**INPUT RECORDS**
# # # # #

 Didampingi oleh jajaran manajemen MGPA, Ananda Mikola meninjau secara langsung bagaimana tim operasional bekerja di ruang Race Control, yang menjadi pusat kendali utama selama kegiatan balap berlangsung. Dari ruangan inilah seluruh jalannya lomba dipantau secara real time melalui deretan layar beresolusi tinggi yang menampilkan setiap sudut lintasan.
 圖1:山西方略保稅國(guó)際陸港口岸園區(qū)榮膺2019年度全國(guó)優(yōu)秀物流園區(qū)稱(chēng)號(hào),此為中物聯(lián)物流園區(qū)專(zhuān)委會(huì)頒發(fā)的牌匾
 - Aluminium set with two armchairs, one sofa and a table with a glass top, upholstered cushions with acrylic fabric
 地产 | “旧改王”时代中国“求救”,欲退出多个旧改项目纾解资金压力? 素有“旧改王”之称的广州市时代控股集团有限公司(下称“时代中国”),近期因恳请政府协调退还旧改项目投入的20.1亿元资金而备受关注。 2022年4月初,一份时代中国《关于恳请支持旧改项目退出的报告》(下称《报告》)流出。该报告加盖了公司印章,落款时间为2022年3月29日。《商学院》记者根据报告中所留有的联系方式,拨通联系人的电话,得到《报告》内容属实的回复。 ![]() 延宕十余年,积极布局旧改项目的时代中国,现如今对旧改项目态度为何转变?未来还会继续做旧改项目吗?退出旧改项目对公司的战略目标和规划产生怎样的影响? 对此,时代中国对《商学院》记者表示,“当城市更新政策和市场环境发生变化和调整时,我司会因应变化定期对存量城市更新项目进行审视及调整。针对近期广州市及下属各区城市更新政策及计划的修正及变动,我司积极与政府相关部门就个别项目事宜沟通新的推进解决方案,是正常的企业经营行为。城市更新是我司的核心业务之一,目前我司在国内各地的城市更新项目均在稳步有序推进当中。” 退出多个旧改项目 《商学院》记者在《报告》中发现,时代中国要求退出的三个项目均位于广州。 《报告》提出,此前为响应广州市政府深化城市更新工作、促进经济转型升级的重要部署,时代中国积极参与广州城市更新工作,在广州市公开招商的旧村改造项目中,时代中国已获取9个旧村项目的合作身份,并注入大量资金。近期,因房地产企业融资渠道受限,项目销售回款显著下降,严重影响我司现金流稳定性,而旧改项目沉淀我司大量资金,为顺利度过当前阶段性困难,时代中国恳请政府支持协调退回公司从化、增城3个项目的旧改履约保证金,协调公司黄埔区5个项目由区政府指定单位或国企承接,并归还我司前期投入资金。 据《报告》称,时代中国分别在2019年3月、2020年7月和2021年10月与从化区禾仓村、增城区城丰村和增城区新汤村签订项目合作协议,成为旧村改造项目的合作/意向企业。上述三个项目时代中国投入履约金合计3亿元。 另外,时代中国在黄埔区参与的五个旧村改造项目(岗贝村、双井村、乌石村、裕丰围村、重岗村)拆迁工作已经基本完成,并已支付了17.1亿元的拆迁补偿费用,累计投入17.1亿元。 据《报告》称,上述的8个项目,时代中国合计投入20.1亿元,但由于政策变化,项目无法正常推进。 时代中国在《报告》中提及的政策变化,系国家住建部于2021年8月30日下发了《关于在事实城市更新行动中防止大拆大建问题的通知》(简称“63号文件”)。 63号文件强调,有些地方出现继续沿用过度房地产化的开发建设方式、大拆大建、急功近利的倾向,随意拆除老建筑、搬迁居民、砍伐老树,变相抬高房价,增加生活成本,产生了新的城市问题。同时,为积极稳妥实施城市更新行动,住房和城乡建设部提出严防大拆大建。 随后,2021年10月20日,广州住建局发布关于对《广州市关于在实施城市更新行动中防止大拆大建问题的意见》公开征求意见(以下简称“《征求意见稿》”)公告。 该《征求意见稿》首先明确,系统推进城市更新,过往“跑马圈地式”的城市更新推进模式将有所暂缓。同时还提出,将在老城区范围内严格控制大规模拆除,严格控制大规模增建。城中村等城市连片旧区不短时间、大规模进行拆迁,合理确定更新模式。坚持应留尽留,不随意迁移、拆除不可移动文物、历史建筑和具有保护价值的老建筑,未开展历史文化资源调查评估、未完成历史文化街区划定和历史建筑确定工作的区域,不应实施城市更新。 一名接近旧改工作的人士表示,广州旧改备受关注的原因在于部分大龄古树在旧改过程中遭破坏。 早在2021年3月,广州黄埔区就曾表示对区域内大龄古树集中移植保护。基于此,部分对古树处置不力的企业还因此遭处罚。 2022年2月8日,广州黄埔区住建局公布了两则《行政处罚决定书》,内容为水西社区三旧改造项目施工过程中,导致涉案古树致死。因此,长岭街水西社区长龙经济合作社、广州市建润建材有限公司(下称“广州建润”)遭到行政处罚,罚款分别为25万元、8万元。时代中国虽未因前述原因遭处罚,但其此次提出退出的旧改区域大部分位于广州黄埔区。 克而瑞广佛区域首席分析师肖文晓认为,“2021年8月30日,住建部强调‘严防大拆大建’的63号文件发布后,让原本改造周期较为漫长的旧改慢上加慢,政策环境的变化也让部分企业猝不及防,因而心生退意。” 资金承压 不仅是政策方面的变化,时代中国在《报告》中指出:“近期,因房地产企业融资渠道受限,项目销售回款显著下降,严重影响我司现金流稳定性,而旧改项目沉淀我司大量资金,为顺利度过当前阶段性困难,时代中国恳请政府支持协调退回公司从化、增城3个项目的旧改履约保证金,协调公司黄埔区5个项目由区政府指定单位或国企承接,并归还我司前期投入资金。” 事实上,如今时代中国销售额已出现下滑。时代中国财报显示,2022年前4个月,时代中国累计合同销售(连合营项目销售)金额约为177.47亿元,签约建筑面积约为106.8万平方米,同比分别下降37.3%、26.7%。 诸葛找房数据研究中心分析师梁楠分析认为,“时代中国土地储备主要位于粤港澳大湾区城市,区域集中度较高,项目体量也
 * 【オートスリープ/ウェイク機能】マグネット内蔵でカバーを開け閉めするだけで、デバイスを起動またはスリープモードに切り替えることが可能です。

# # # # #

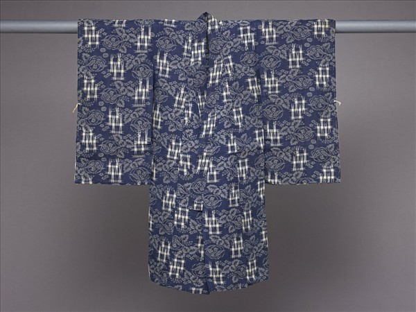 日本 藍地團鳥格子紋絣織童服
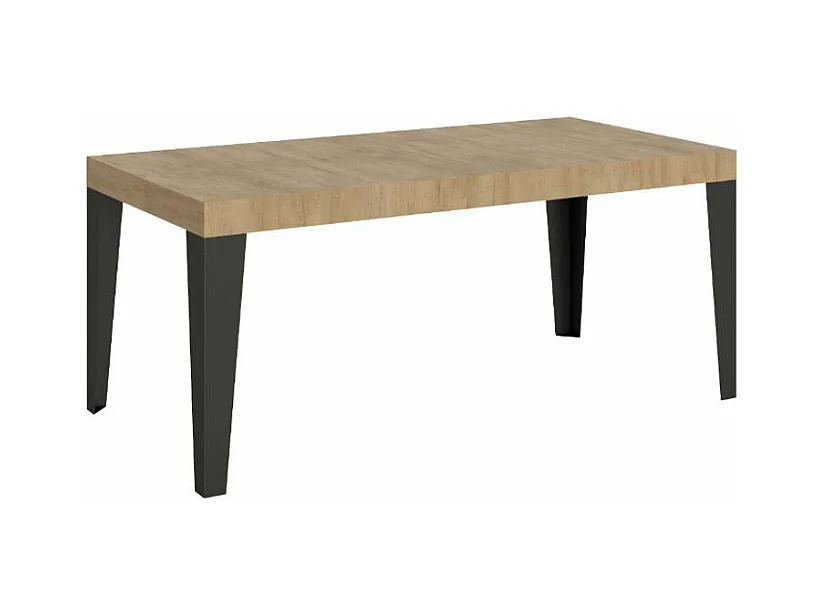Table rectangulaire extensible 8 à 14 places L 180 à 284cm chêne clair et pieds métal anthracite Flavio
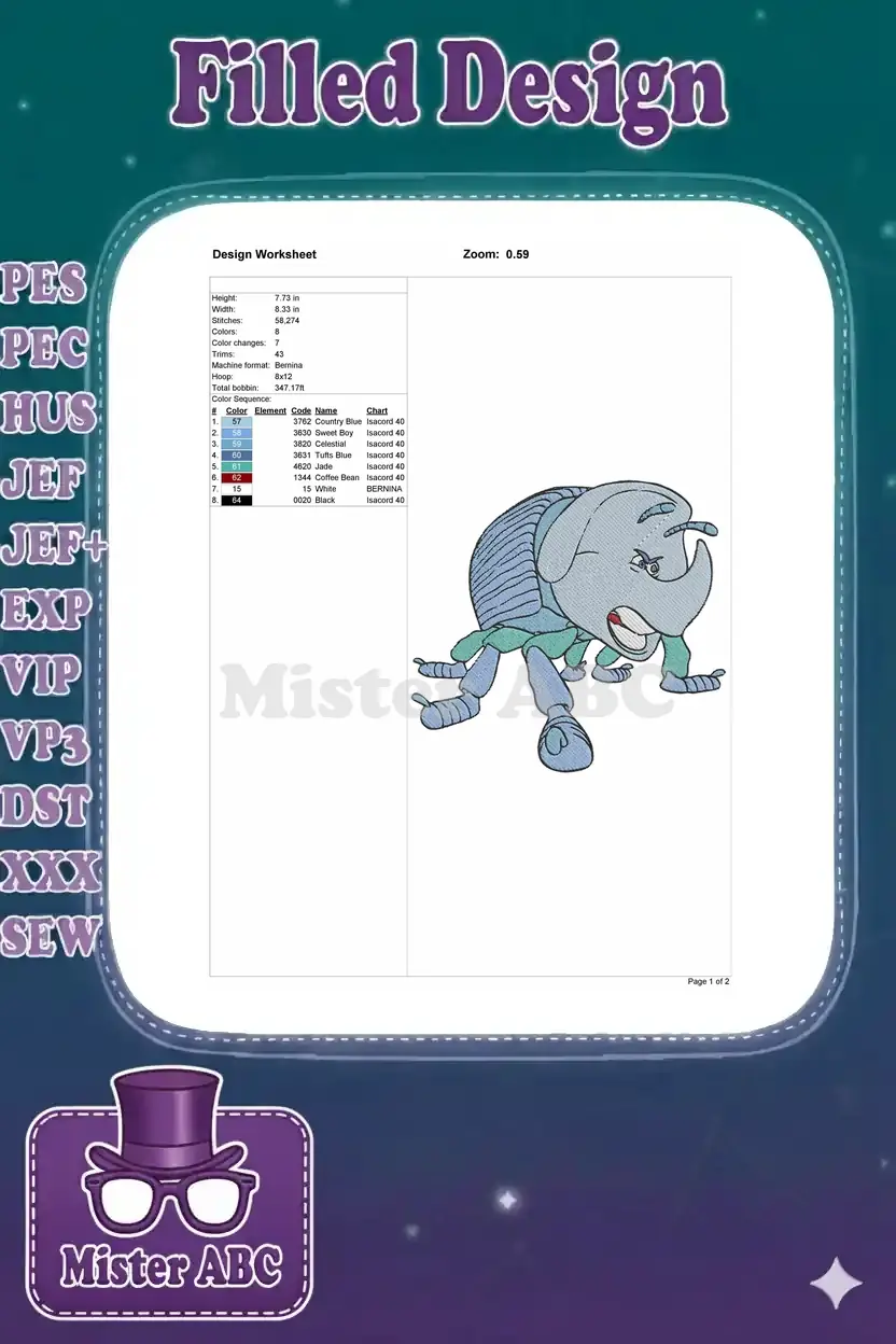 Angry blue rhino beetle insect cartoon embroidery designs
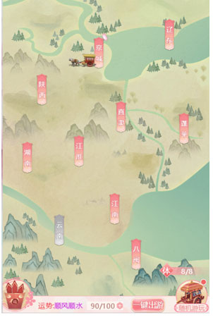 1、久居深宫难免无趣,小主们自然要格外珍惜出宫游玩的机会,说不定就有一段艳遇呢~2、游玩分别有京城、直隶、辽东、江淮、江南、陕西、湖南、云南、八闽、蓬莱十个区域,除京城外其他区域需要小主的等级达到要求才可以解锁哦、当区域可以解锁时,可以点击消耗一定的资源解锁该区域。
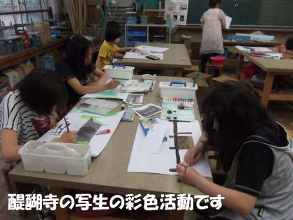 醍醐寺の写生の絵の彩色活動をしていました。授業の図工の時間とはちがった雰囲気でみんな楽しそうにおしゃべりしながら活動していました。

# # # # #

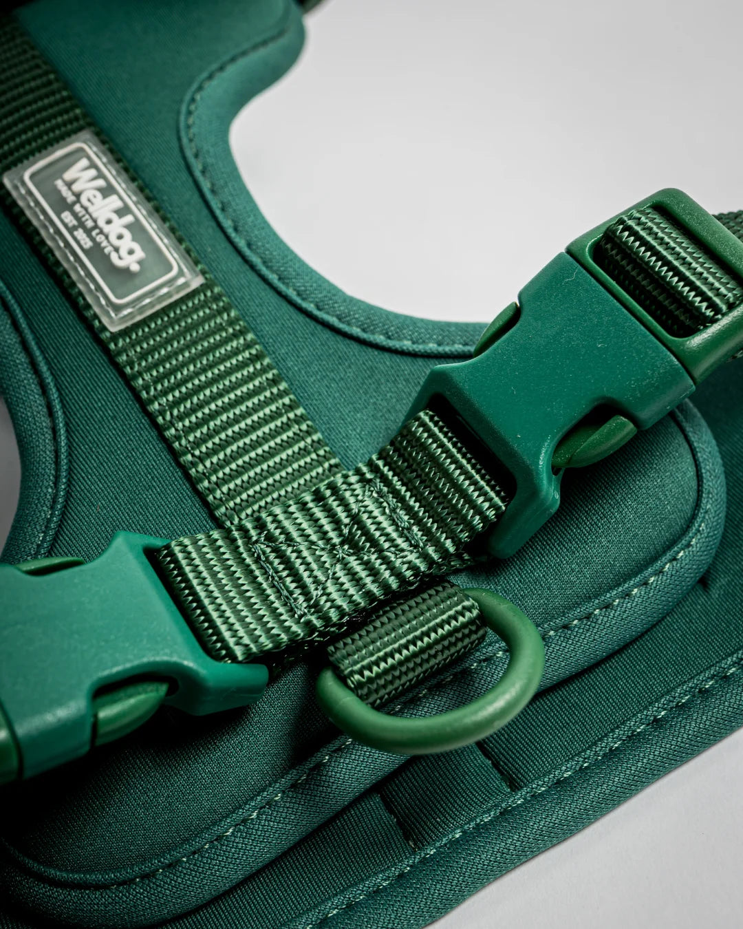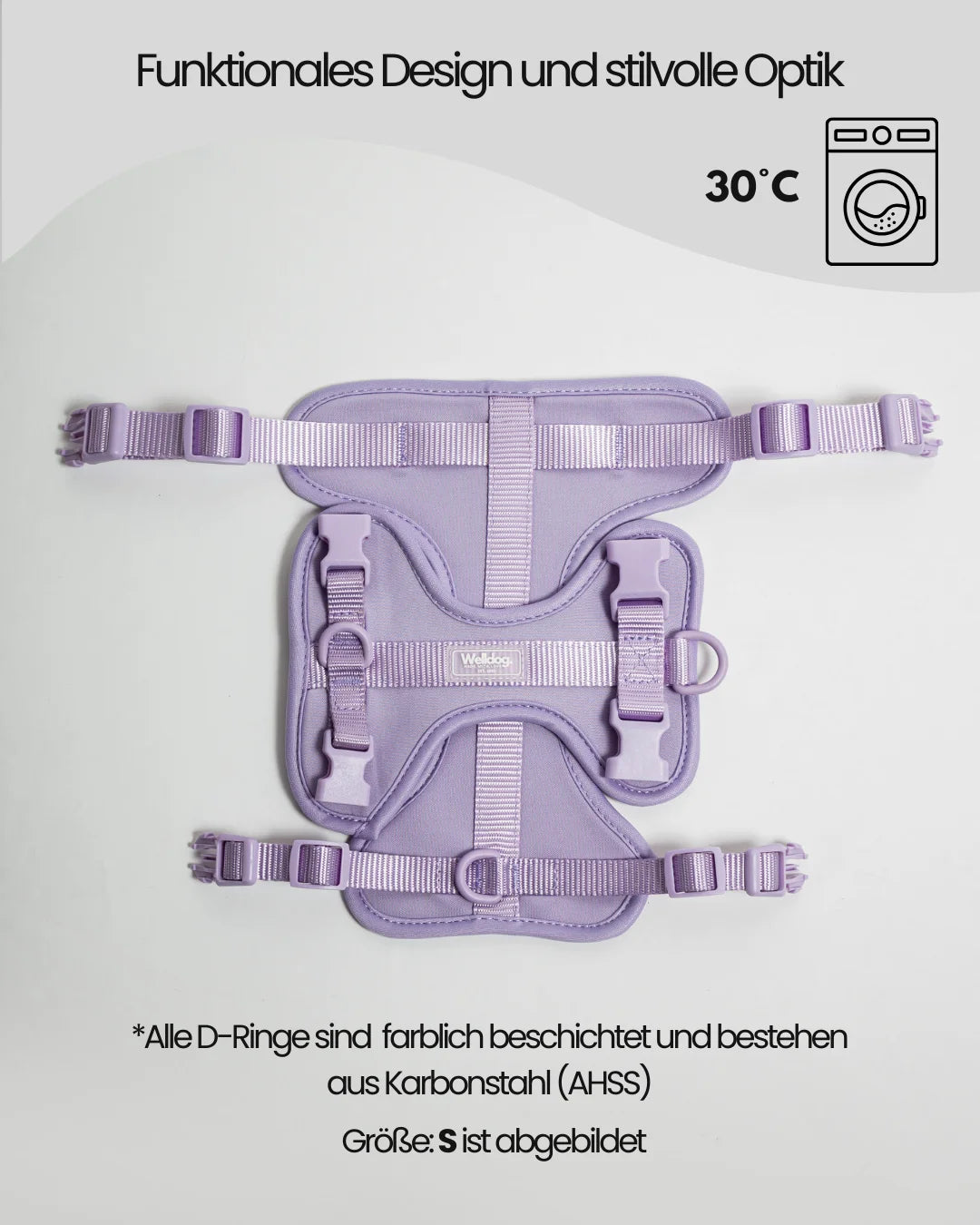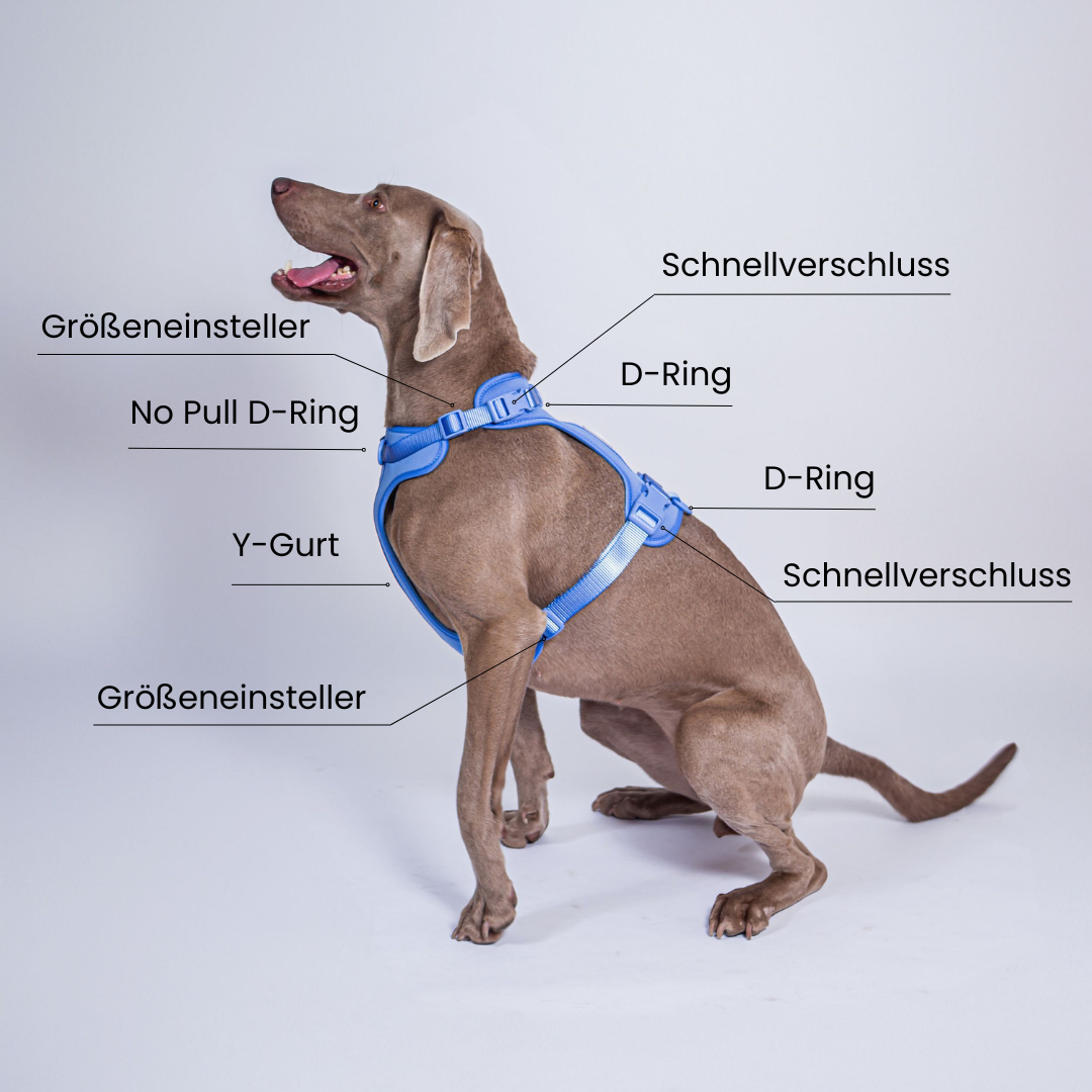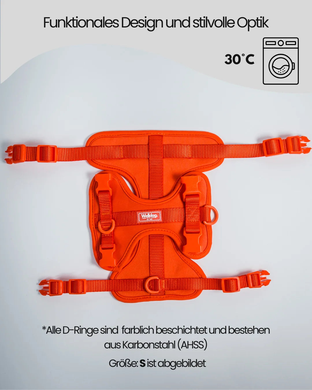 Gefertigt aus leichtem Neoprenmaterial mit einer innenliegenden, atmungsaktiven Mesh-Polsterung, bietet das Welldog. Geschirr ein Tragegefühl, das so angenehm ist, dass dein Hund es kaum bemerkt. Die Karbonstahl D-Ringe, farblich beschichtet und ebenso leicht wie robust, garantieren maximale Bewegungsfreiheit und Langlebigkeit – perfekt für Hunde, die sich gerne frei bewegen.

# # # # #

**AIM OF THE EXERCISE**
As the answer, set down only the lines from the data above between the one holding "Didampingi oleh jajaran" and the one holding "- Aluminium set", inclusive, exactly as they read.

**EXERCISE SOLUTION**
 Didampingi oleh jajaran manajemen MGPA, Ananda Mikola meninjau secara langsung bagaimana tim operasional bekerja di ruang Race Control, yang menjadi pusat kendali utama selama kegiatan balap berlangsung. Dari ruangan inilah seluruh jalannya lomba dipantau secara real time melalui deretan layar beresolusi tinggi yang menampilkan setiap sudut lintasan.
 圖1:山西方略保稅國(guó)際陸港口岸園區(qū)榮膺2019年度全國(guó)優(yōu)秀物流園區(qū)稱(chēng)號(hào),此為中物聯(lián)物流園區(qū)專(zhuān)委會(huì)頒發(fā)的牌匾
 - Aluminium set with two armchairs, one sofa and a table with a glass top, upholstered cushions with acrylic fabric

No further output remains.